(Data entries)
Segment Open
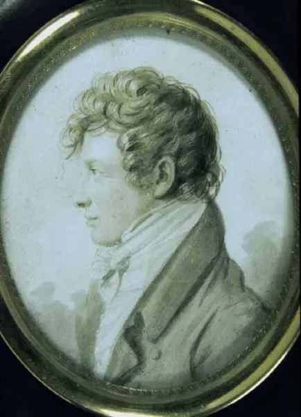 Brystbilde. Hel venstre profil. Hår lysbrunt, bustet. Gråhvit fadermorder og do. halsbind knyttet i sløyfe foran. Lys gråbrun frakk med høy dobbeltkrage. Bakgrunn gråhvit med grå skygger.
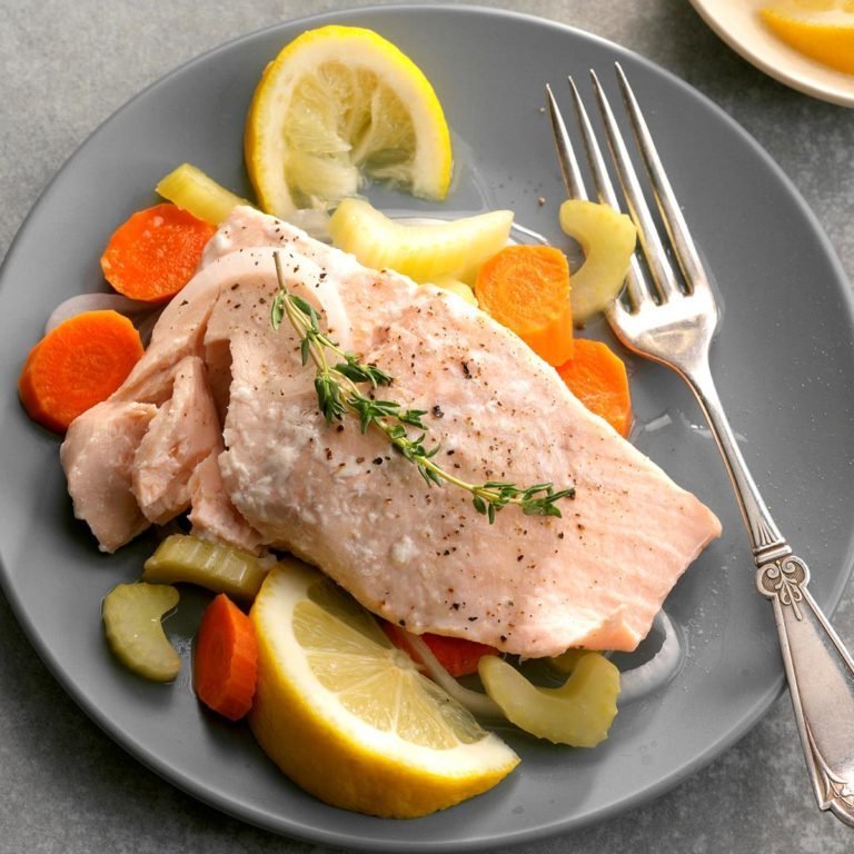 100 minTaste of Home Magazine Dinner Receptenwater, wijn, ui, selderij rib, wortel, Citroen, tijm, rosmarijn, baai, zout, peper, zalmfilet, Citroen,kruid en groente gepocheerde zalm -
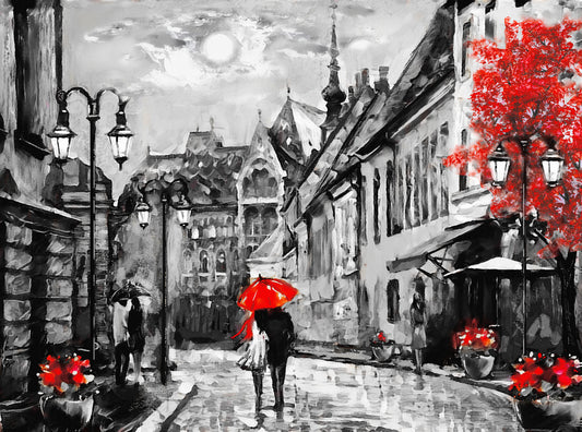 Couple Walking with Red Umbrella B&W Painting Print 100% Australian Made
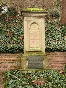 At the age of 60 Gmelin suffered a first stroke, and another in August 1850. In both strokes the right half of his body was affected; he was able to recover from the paralysis, but remained debilitated. In the spring of 1851 Gmelin applied for retirement, which was granted a few months later. In the two following years he suffered increasingly from the effects of a brain illness, at nearly 65 years Leopold Gmelin died in Heidelberg on 13 April 1853, and was buried at the Mountain Cemetery in Heidelberg. The grave complex is located in the department E. There also rests his wife Luise Gmelin and more family members.
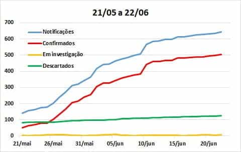 A observação das curvas de evolução dos casos nos 22 dias de junho, comparados com os 10 últimos dias de maio, demonstram que o crescimento dos casos confirmados e do total de notificações teve uma ligeira melhora.
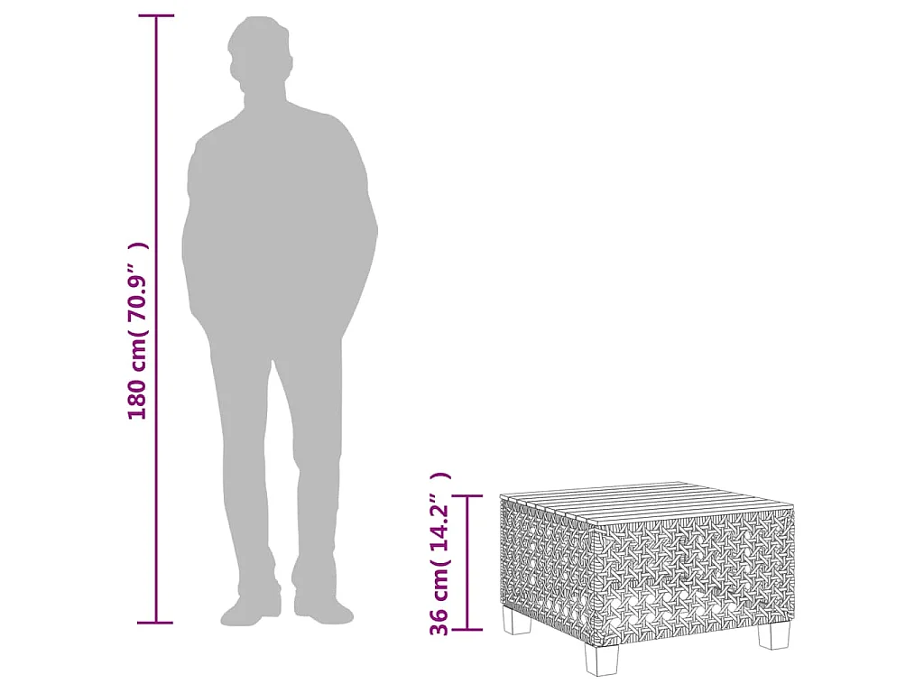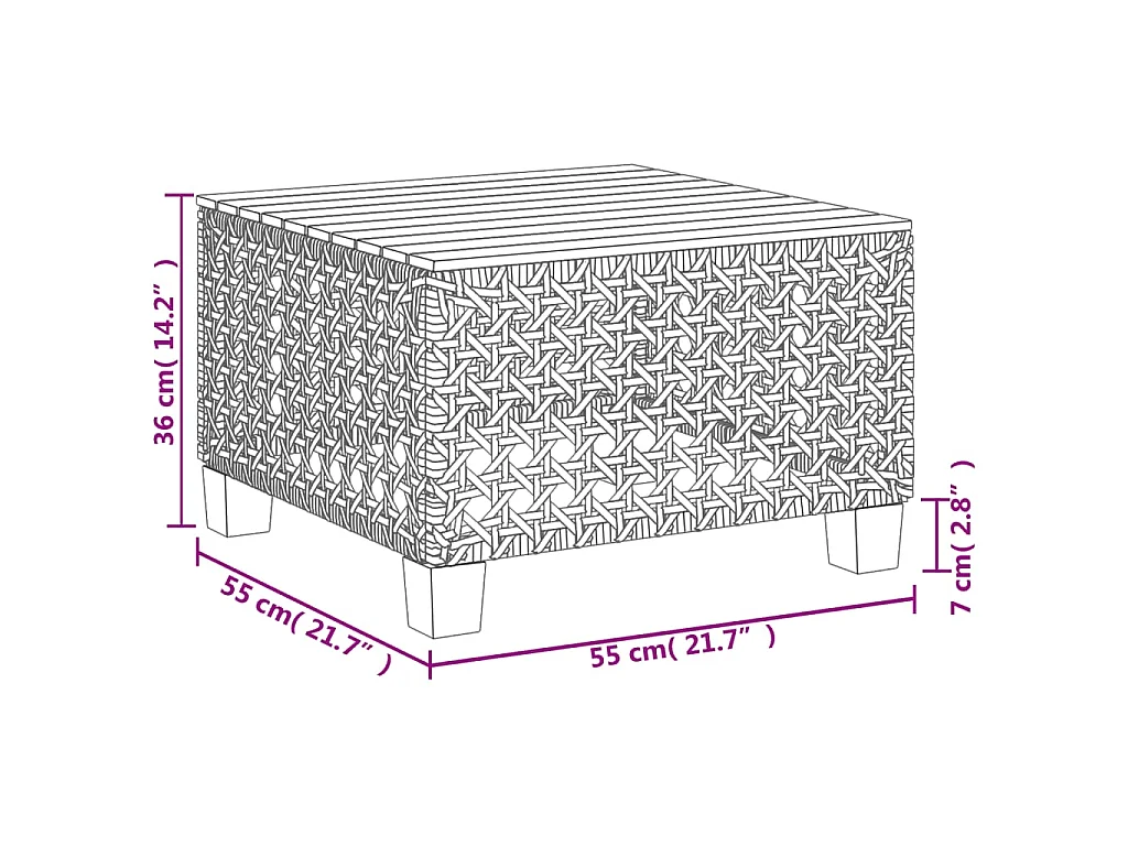 Table de jardin noir 55x55x36 cm résine tressée et bois acacia
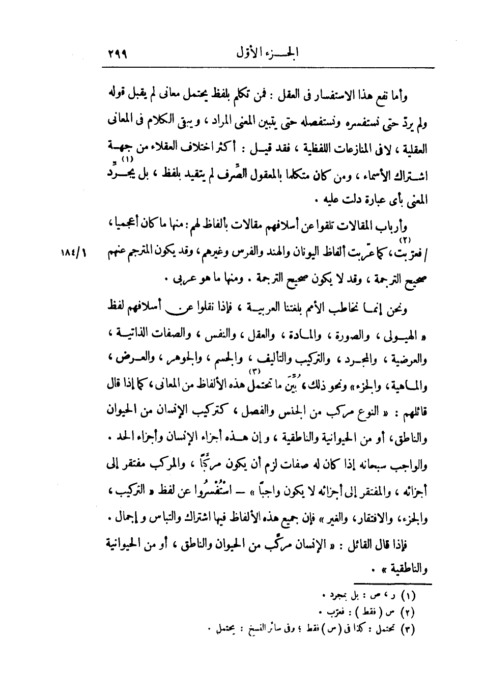 ونحن إنما نخاطب المم بلغتنا العربية، فإذا نقلوا عن أسلافهم لفظ الهيولى، والصورة، والمادة، والعقل، والنفس، والصفات الذاتية، والعرضية، والمجرد، والتركيب والتأليف، والجسم، والجوهر، والعرض، والماهية، والجزءونحو ذلك، بين ما تحتمل هذه الألفاظ من المعاني، كما إذا قال قائلهم: النوع مركب من الجنس والفصل، كتركيب الإنسان من الحيوان والناطق، أو من الحيوانية والناطقية، وإن هذه أجزاء الإنسان وأجزاء الحد، والواجب سبحانه إذا كان له صفات لزم أن يكون مركباً، ولمركب مفتقر إلى أجزائه، والمفتقر إلى أجزائه لا يكون واجباً ـ استفسروا عن لفظ التركيب، والجزء، والافتقار، والغير فإن جميع هذه الألفاظ فيها اشتراك والتباس وإجمال.
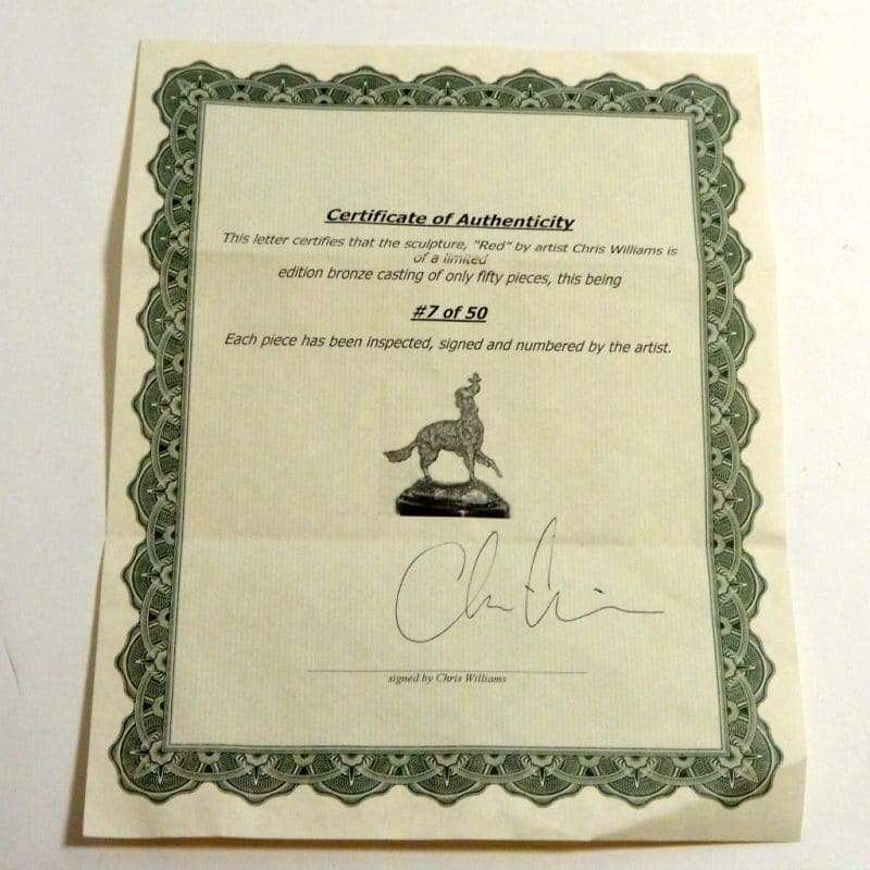 It comes with a certificate of authenticity, signed by the artist, that lists this figurine as #7 out of 50 produced.
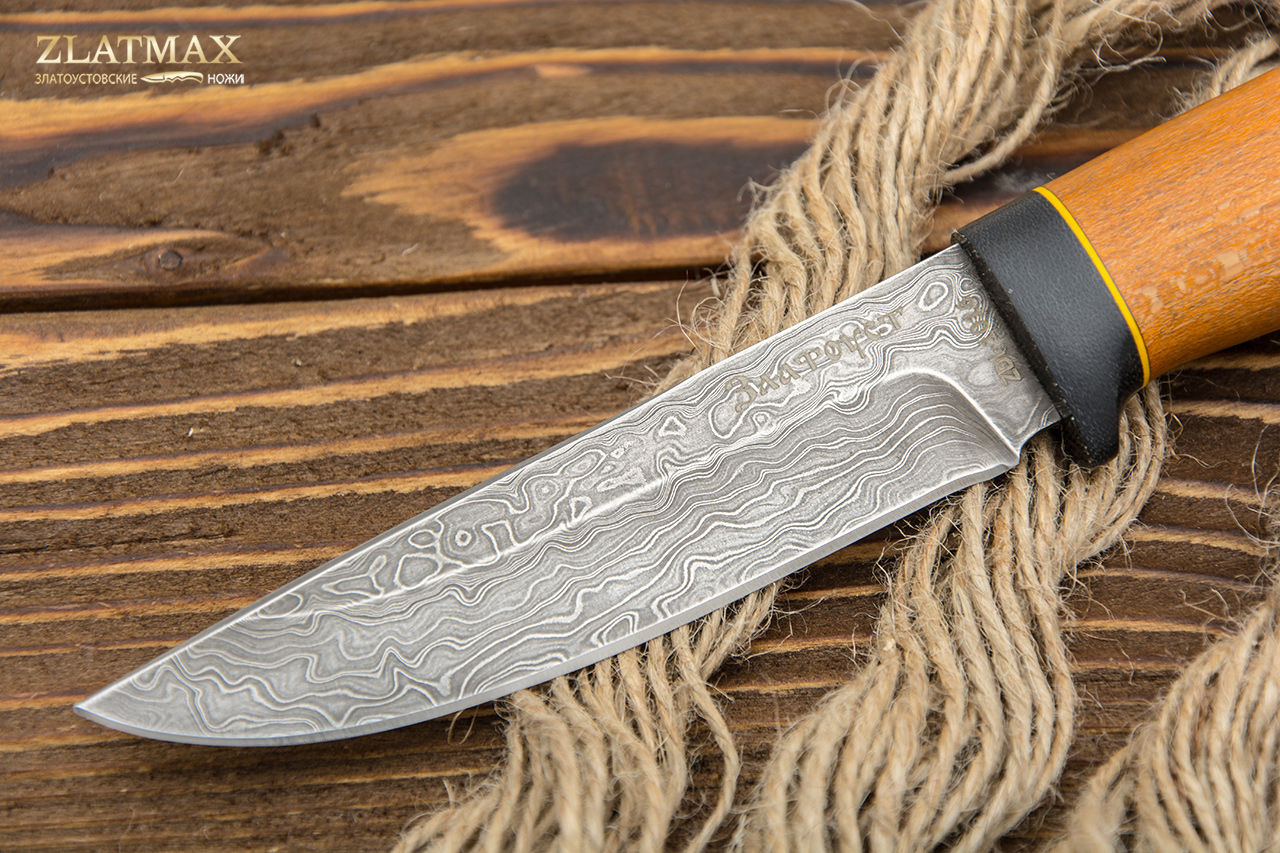 Нож из дамасской стали Пустельга 2 (Дамаск ZDI-1016, Стабилизированный бук, Текстолит)
Segment Closed
Assignment
Set out every record exactly, images excluded.

Response to the task
 Brystbilde. Hel venstre profil. Hår lysbrunt, bustet. Gråhvit fadermorder og do. halsbind knyttet i sløyfe foran. Lys gråbrun frakk med høy dobbeltkrage. Bakgrunn gråhvit med grå skygger.
 100 minTaste of Home Magazine Dinner Receptenwater, wijn, ui, selderij rib, wortel, Citroen, tijm, rosmarijn, baai, zout, peper, zalmfilet, Citroen,kruid en groente gepocheerde zalm -
 Couple Walking with Red Umbrella B&W Painting Print 100% Australian Made
 At the age of 60 Gmelin suffered a first stroke, and another in August 1850. In both strokes the right half of his body was affected; he was able to recover from the paralysis, but remained debilitated. In the spring of 1851 Gmelin applied for retirement, which was granted a few months later. In the two following years he suffered increasingly from the effects of a brain illness, at nearly 65 years Leopold Gmelin died in Heidelberg on 13 April 1853, and was buried at the Mountain Cemetery in Heidelberg. The grave complex is located in the department E. There also rests his wife Luise Gmelin and more family members.
 A observação das curvas de evolução dos casos nos 22 dias de junho, comparados com os 10 últimos dias de maio, demonstram que o crescimento dos casos confirmados e do total de notificações teve uma ligeira melhora.
 Table de jardin noir 55x55x36 cm résine tressée et bois acacia
 ونحن إنما نخاطب المم بلغتنا العربية، فإذا نقلوا عن أسلافهم لفظ الهيولى، والصورة، والمادة، والعقل، والنفس، والصفات الذاتية، والعرضية، والمجرد، والتركيب والتأليف، والجسم، والجوهر، والعرض، والماهية، والجزءونحو ذلك، بين ما تحتمل هذه الألفاظ من المعاني، كما إذا قال قائلهم: النوع مركب من الجنس والفصل، كتركيب الإنسان من الحيوان والناطق، أو من الحيوانية والناطقية، وإن هذه أجزاء الإنسان وأجزاء الحد، والواجب سبحانه إذا كان له صفات لزم أن يكون مركباً، ولمركب مفتقر إلى أجزائه، والمفتقر إلى أجزائه لا يكون واجباً ـ استفسروا عن لفظ التركيب، والجزء، والافتقار، والغير فإن جميع هذه الألفاظ فيها اشتراك والتباس وإجمال.
 It comes with a certificate of authenticity, signed by the artist, that lists this figurine as #7 out of 50 produced.
 Нож из дамасской стали Пустельга 2 (Дамаск ZDI-1016, Стабилизированный бук, Текстолит)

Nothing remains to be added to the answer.